▶ **Goal of the exercise**
Using the material below, repeat exactly the lines from the one with "Сифон для мойки" through the one with "The stock might", ends included, without any images.

┌──

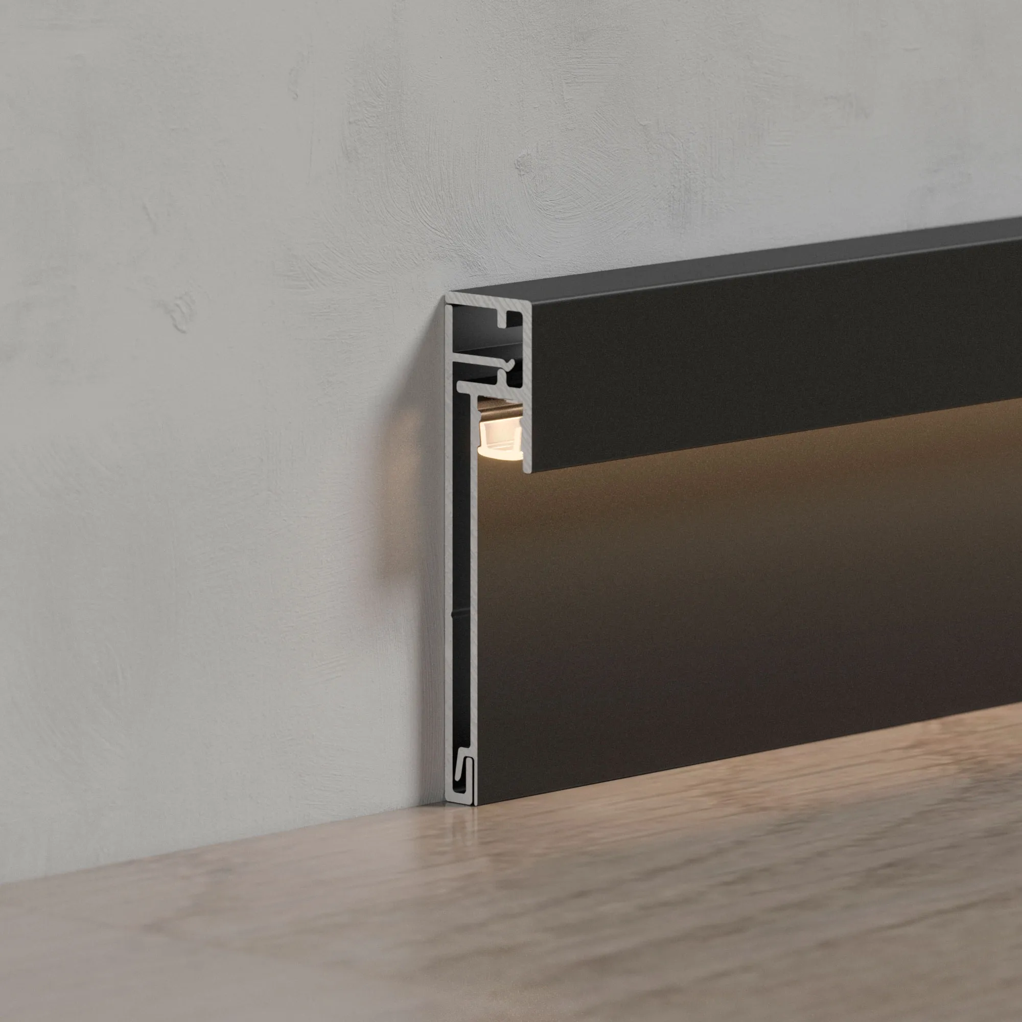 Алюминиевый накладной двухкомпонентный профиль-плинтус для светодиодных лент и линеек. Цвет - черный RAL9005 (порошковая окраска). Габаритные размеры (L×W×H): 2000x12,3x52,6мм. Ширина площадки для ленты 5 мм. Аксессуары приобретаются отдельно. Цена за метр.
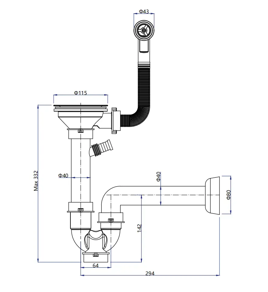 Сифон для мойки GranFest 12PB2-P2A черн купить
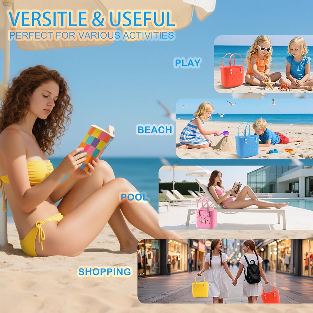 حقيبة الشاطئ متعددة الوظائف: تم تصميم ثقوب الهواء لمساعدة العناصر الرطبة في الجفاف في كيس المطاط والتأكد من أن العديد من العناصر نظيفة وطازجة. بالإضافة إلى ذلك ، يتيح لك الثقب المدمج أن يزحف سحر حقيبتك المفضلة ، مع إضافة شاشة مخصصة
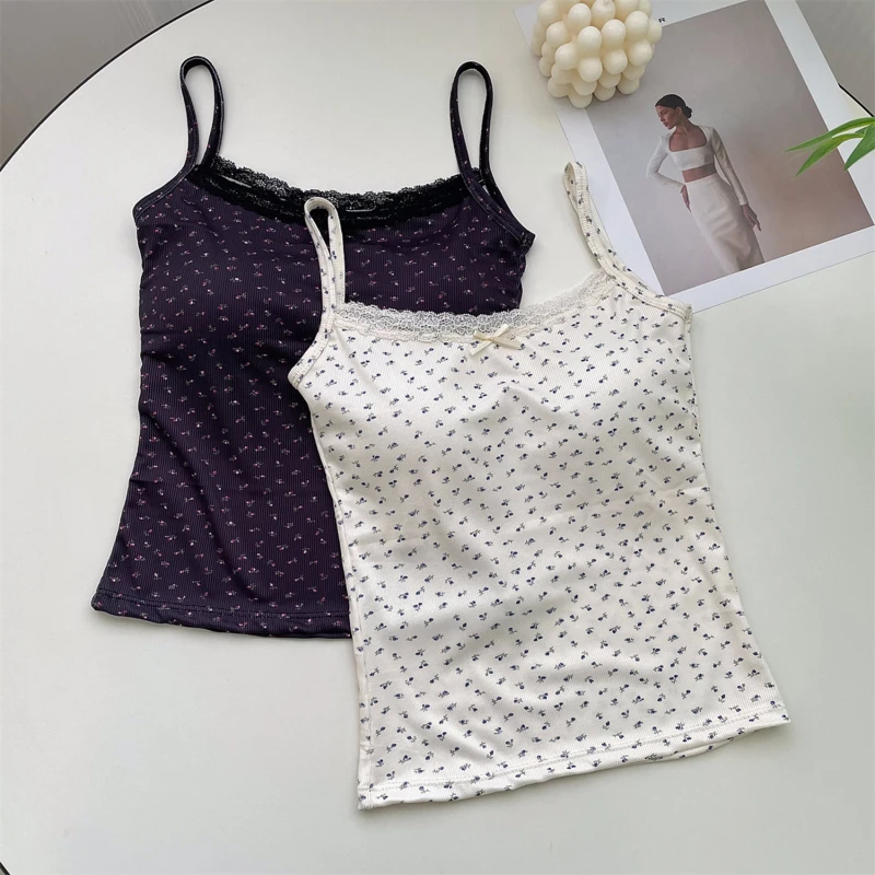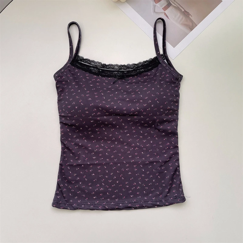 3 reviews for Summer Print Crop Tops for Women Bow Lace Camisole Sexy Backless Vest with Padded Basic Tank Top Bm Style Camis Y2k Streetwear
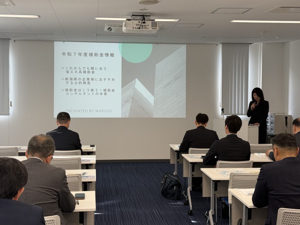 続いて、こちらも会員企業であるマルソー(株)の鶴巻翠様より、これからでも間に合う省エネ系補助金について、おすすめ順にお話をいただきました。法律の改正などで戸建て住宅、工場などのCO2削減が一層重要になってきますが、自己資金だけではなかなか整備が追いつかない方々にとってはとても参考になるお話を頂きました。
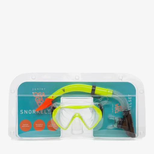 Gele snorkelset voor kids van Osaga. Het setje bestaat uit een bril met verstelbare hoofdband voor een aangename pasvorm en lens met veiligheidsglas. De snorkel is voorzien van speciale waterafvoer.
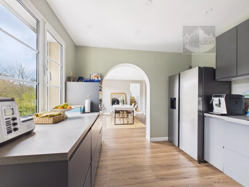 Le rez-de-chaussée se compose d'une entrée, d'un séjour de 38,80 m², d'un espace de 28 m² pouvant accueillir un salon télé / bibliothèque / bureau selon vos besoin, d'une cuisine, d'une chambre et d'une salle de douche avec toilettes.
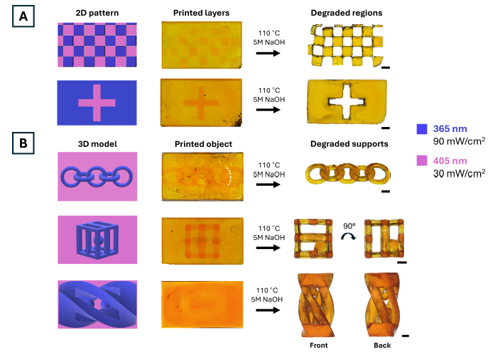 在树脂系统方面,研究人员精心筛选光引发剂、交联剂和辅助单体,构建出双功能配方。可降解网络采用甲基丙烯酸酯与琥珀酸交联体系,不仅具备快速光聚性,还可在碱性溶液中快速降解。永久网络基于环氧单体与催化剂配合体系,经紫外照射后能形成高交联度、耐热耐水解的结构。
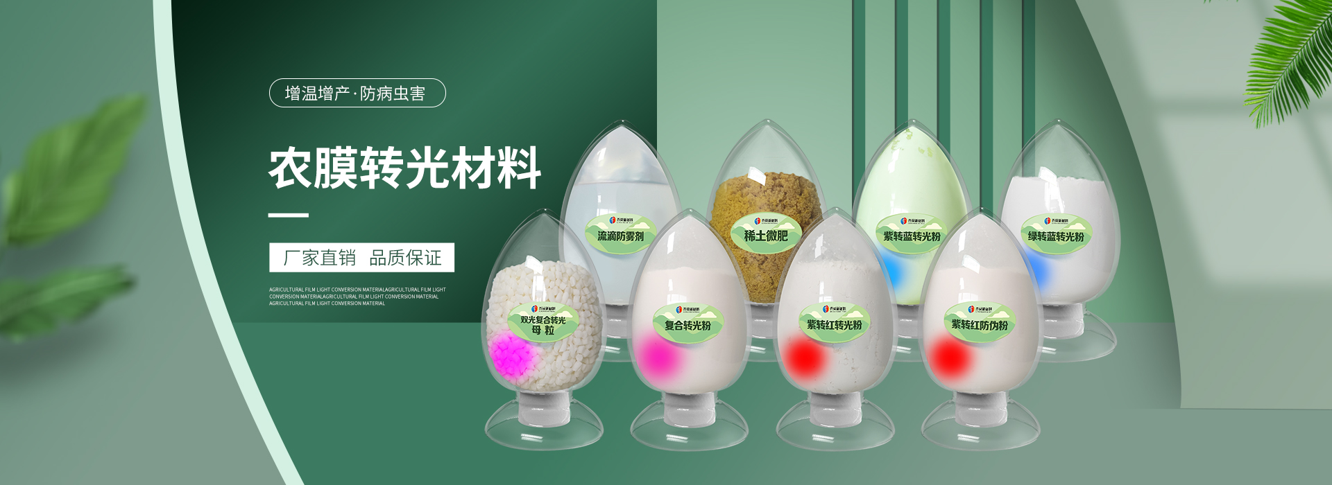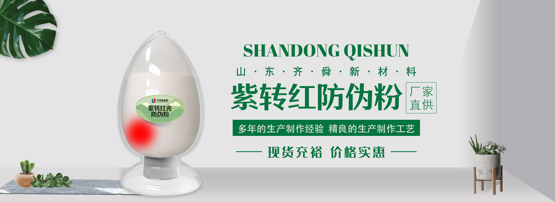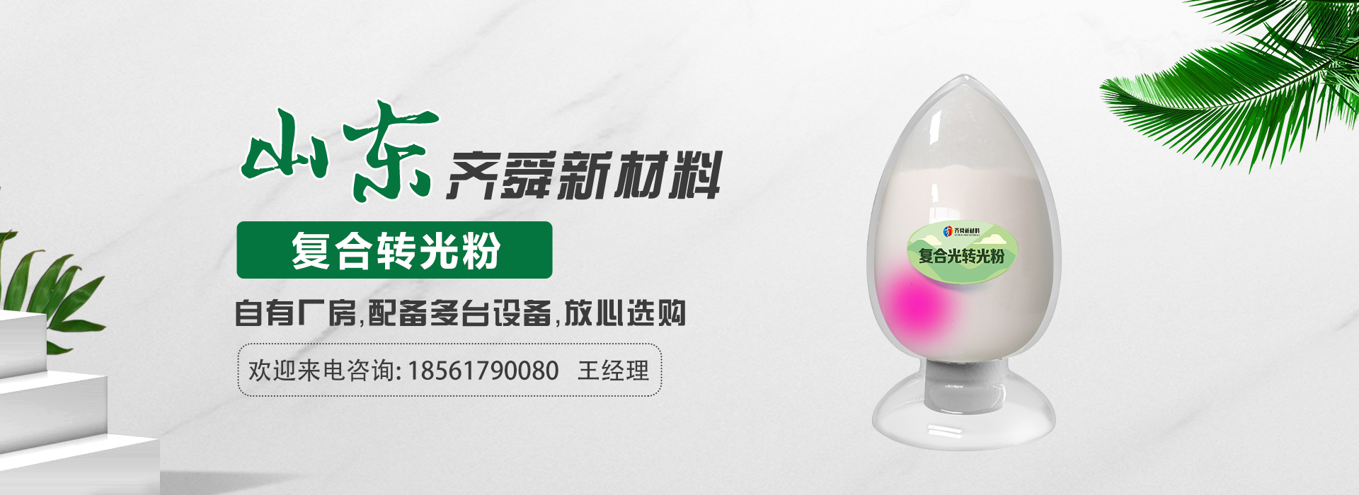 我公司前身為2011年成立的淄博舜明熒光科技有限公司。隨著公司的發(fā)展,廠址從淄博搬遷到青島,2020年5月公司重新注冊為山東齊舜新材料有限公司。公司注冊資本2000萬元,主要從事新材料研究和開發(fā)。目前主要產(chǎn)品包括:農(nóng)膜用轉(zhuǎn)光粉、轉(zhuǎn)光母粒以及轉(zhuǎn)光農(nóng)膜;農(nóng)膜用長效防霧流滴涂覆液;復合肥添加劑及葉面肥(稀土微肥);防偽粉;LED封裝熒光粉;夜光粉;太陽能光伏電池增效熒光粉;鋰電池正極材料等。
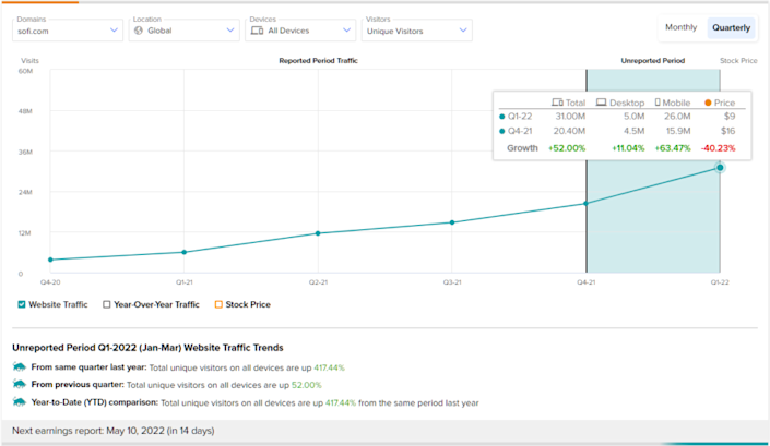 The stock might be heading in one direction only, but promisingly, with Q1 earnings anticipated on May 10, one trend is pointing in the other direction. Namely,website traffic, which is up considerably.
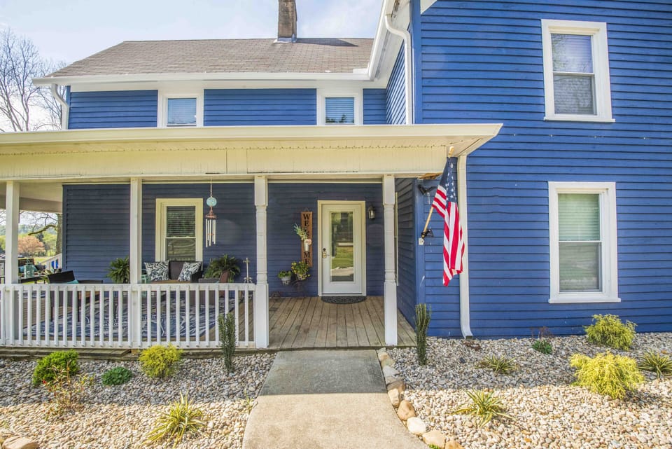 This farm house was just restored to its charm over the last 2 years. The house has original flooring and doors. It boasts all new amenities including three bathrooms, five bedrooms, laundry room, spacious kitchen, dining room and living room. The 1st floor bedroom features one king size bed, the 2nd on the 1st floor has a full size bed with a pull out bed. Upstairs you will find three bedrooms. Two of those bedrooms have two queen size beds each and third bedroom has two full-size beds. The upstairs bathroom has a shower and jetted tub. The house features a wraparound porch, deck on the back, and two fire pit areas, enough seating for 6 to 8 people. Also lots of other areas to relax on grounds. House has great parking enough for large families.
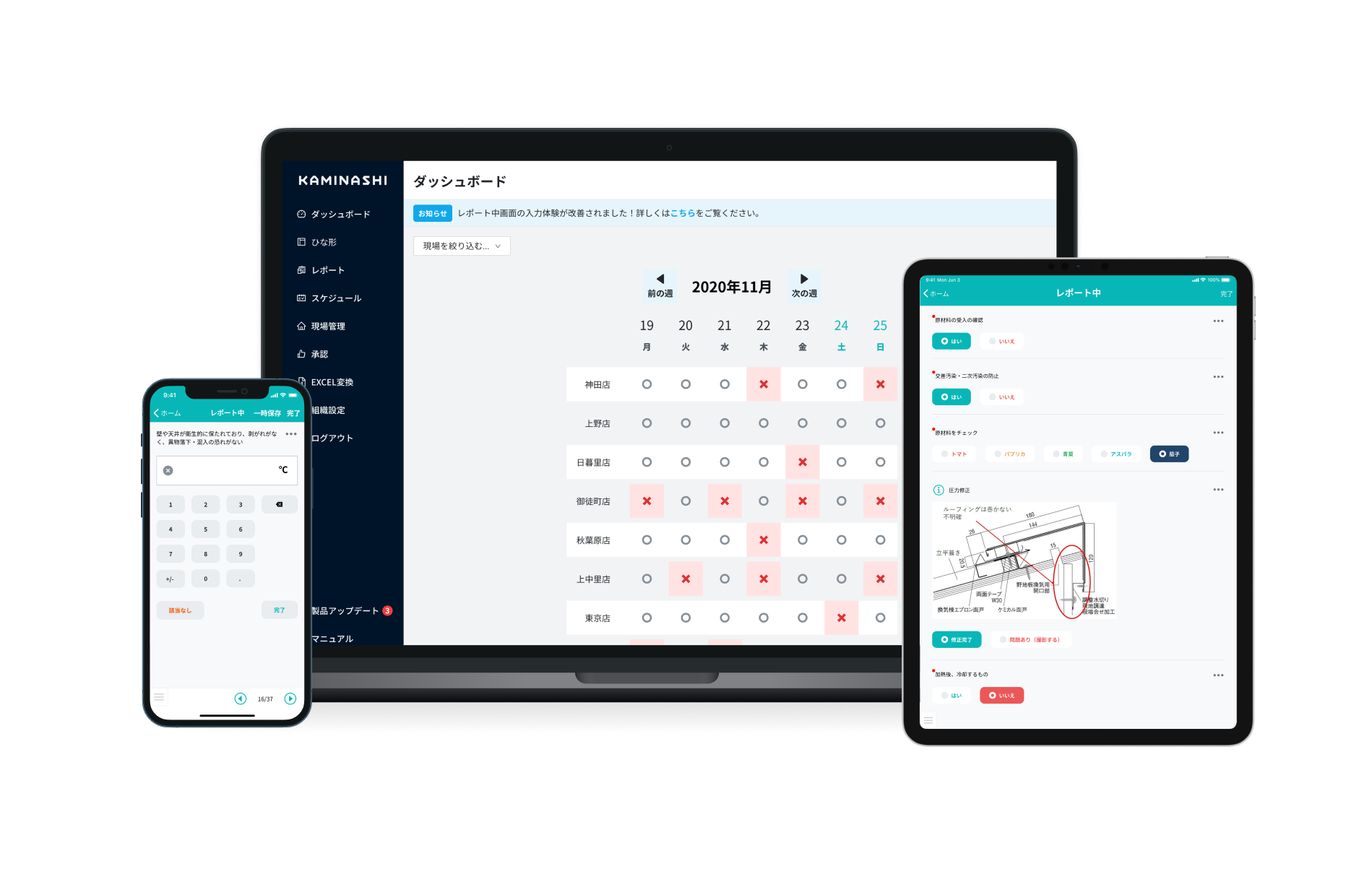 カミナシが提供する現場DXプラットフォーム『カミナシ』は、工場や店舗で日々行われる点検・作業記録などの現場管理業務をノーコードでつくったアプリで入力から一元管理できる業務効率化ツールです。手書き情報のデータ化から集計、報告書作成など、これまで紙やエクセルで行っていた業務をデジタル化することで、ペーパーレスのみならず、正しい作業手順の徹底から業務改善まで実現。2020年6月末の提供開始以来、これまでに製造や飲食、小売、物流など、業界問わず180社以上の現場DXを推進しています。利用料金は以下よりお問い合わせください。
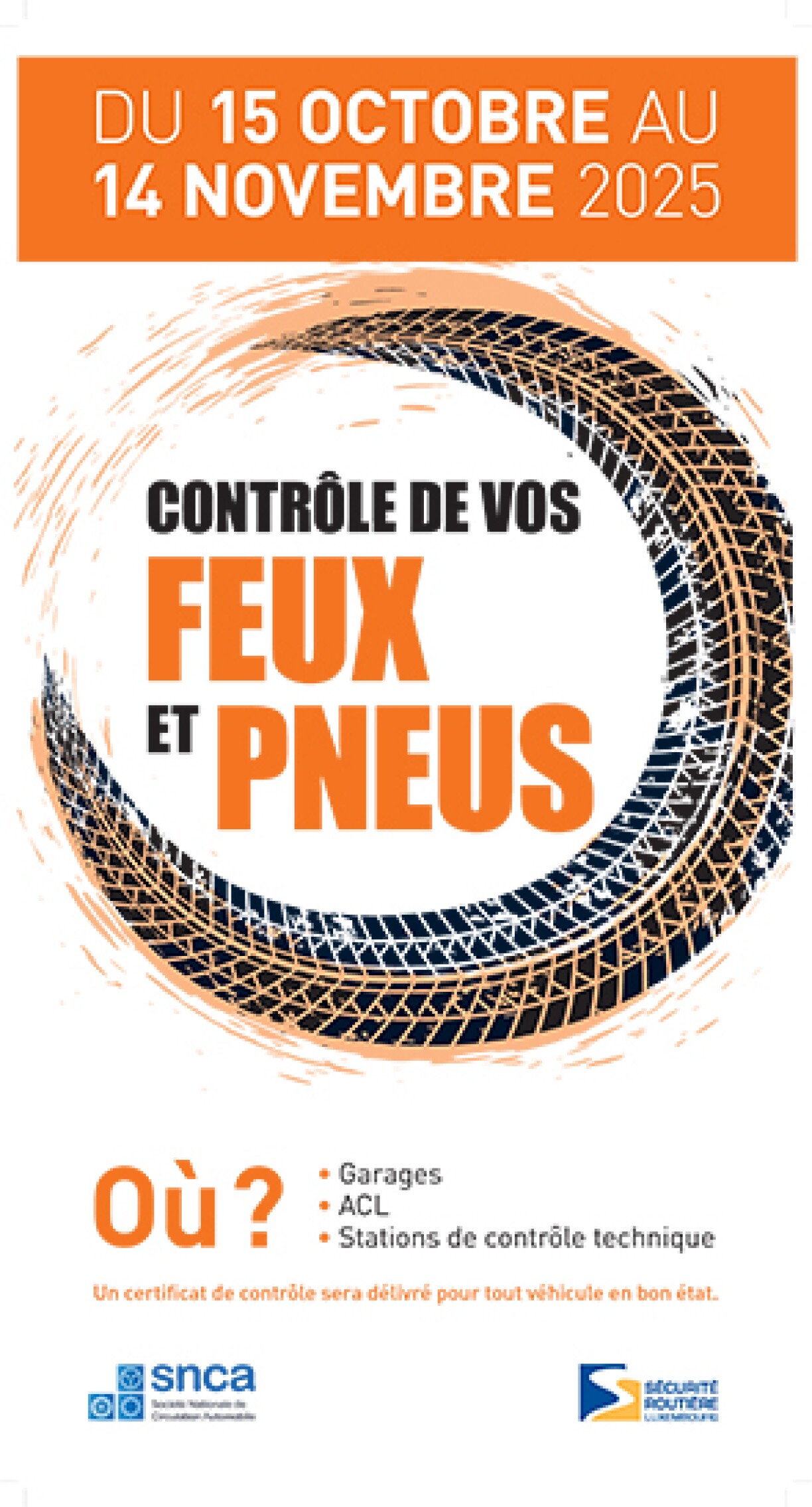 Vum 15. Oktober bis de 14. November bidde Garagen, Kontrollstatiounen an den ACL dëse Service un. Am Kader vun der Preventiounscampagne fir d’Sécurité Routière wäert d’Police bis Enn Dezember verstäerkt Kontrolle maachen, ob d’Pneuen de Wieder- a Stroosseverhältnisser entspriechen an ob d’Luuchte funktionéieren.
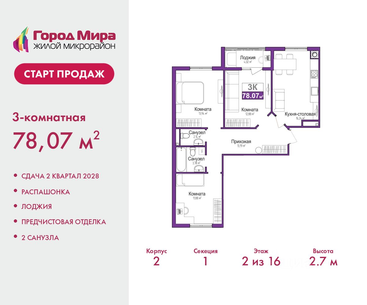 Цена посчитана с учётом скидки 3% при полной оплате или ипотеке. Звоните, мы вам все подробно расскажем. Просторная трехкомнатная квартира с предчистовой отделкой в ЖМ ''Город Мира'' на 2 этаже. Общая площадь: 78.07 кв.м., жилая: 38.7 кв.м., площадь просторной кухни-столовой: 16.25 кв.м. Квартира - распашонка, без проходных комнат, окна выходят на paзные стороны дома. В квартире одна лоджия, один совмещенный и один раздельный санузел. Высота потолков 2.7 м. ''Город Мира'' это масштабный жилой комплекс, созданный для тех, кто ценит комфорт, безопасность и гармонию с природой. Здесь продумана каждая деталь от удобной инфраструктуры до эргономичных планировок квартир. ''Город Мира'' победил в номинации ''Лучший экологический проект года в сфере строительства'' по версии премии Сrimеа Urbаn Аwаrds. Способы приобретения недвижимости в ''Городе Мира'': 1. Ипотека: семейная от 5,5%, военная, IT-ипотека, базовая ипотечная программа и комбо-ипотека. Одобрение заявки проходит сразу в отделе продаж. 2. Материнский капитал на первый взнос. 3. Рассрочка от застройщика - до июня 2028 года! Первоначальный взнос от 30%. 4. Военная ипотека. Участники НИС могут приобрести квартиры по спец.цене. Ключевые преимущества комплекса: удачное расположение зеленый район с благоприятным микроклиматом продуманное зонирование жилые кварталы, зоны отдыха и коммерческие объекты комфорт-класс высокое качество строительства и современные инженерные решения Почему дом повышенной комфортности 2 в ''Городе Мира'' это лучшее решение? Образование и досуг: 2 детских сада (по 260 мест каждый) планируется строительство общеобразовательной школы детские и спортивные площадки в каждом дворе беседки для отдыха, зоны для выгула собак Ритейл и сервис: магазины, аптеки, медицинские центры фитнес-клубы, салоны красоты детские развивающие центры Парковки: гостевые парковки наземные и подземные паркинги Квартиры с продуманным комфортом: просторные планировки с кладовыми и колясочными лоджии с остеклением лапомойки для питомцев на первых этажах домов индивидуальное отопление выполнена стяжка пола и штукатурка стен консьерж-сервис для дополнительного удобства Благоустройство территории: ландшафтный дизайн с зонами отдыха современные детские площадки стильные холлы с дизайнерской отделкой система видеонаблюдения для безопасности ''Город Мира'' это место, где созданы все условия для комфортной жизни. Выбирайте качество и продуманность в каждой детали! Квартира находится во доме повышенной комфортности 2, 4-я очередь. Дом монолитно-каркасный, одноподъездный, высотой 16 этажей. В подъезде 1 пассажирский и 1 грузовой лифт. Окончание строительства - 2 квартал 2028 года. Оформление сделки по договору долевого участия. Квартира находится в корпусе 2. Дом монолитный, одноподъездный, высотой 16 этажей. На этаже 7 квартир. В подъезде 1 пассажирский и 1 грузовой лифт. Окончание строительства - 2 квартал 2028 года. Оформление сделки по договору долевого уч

└──

▶ **Output of the task**
 Сифон для мойки GranFest 12PB2-P2A черн купить
 حقيبة الشاطئ متعددة الوظائف: تم تصميم ثقوب الهواء لمساعدة العناصر الرطبة في الجفاف في كيس المطاط والتأكد من أن العديد من العناصر نظيفة وطازجة. بالإضافة إلى ذلك ، يتيح لك الثقب المدمج أن يزحف سحر حقيبتك المفضلة ، مع إضافة شاشة مخصصة
 3 reviews for Summer Print Crop Tops for Women Bow Lace Camisole Sexy Backless Vest with Padded Basic Tank Top Bm Style Camis Y2k Streetwear
 続いて、こちらも会員企業であるマルソー(株)の鶴巻翠様より、これからでも間に合う省エネ系補助金について、おすすめ順にお話をいただきました。法律の改正などで戸建て住宅、工場などのCO2削減が一層重要になってきますが、自己資金だけではなかなか整備が追いつかない方々にとってはとても参考になるお話を頂きました。
 Gele snorkelset voor kids van Osaga. Het setje bestaat uit een bril met verstelbare hoofdband voor een aangename pasvorm en lens met veiligheidsglas. De snorkel is voorzien van speciale waterafvoer.
 Le rez-de-chaussée se compose d'une entrée, d'un séjour de 38,80 m², d'un espace de 28 m² pouvant accueillir un salon télé / bibliothèque / bureau selon vos besoin, d'une cuisine, d'une chambre et d'une salle de douche avec toilettes.
 在树脂系统方面,研究人员精心筛选光引发剂、交联剂和辅助单体,构建出双功能配方。可降解网络采用甲基丙烯酸酯与琥珀酸交联体系,不仅具备快速光聚性,还可在碱性溶液中快速降解。永久网络基于环氧单体与催化剂配合体系,经紫外照射后能形成高交联度、耐热耐水解的结构。
 我公司前身為2011年成立的淄博舜明熒光科技有限公司。隨著公司的發(fā)展,廠址從淄博搬遷到青島,2020年5月公司重新注冊為山東齊舜新材料有限公司。公司注冊資本2000萬元,主要從事新材料研究和開發(fā)。目前主要產(chǎn)品包括:農(nóng)膜用轉(zhuǎn)光粉、轉(zhuǎn)光母粒以及轉(zhuǎn)光農(nóng)膜;農(nóng)膜用長效防霧流滴涂覆液;復合肥添加劑及葉面肥(稀土微肥);防偽粉;LED封裝熒光粉;夜光粉;太陽能光伏電池增效熒光粉;鋰電池正極材料等。
 The stock might be heading in one direction only, but promisingly, with Q1 earnings anticipated on May 10, one trend is pointing in the other direction. Namely,website traffic, which is up considerably.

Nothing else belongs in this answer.